Postby CAP » Tue Aug 23, 2011 3:03 pm

Win Win is a modest US indie starring Paul Giamatti (see John Adams) and Amy Ryan (terrific) as Mike and Jacqui Flaherty. He’s a small-town New Jersey lawyer, struggling to make ends meet, and coaching the local high school wrestling team (feebly). He undertakes to become an elderly client’s guardian, in order to pocket a healthy monthly fee, when the court rules the old man is in the early stages of dementia. Mike then puts him in a care home, against the old man’s wishes, but convenient for all around. The old guy supposedly has no nearest of kin – his daughter is untraceable. Except that no sooner is Mike guardian, than a teenage runaway turns up claiming to be the old guy’s grandson. He is. His name is Kyle (newcomer Alex Shaffer). The kid turns out to be a champion wrestler (Shaffer really is a high school wrestling star) and he ends up staying with the Flaherty’s and then enrolling at the local high school and joining the wrestling team. Shaffer is really impressive as the teenage runaway – and of course his wrestling is pretty authentic. At this stage we move from social commentary on Recession America to feel-good movie…

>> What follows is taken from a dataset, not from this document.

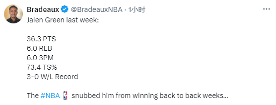 火箭队记Bradeaux表示NBA联盟冷落了他,让格林无缘蝉联西部周最佳。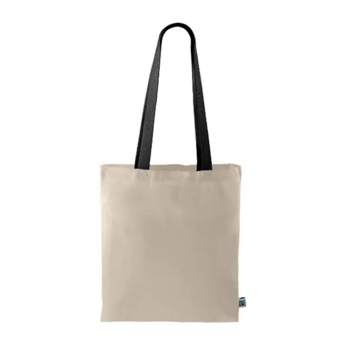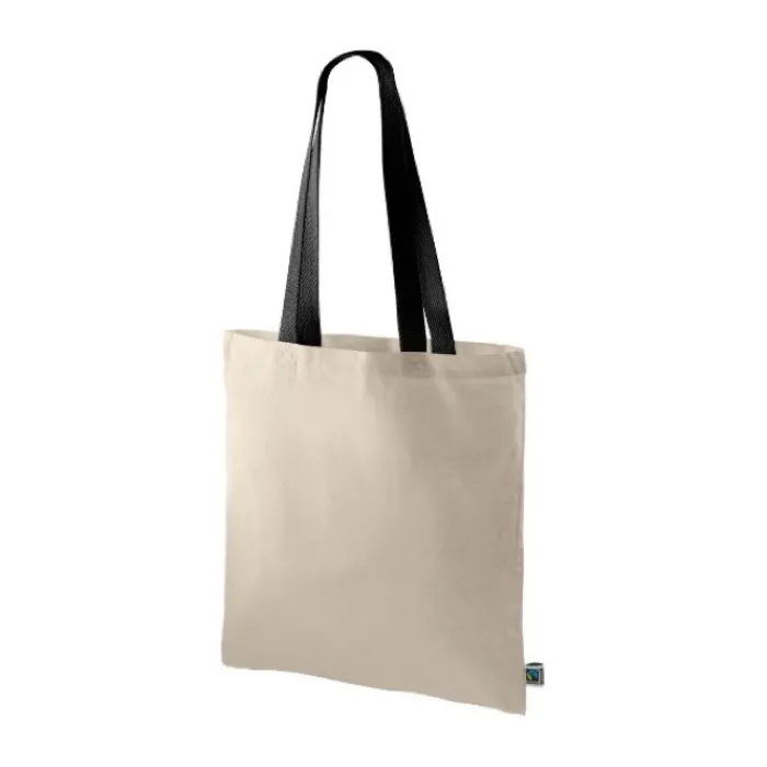 Shopper dai manici lunghi neri realizzata con cotone Fairtrade da 140 gr/m². Supporta fino a 5 kg di peso.

But of course Alex has a history – and more specifically, a mother who eventually turns up, and wants the guardianship – if only for the fee. It all comes out that Mike has manipulated the guardianship for the fat fee and everyone thinks he’s a rat. So then Mike has to beg everyone’s forgiveness and ends up doing a deal with the daughter whereby she gets the fee, but the old man and Kyle stay in the NJ town, while she goes back to Ohio or somewhere. Kyle is like the teenage son Mike never had, and fits right in with his family. So it looks like a happy ending. Except that now Mike has to acknowledge just how desperate his financial situation is (more shame) and ends up working as a barman at nights to try and make ends meet. This would mean of course that he spends even less time at home and whether a paltry barman’s wages would keep his practice and lifestyle afloat is questionable. But that’s how it ends.

I thought for a sober little indie it turned out to be a bit soft-centred. But the central performances are all charming and although I haven’t seen either of Tom McCarthy’s other films, I’ll look out for them.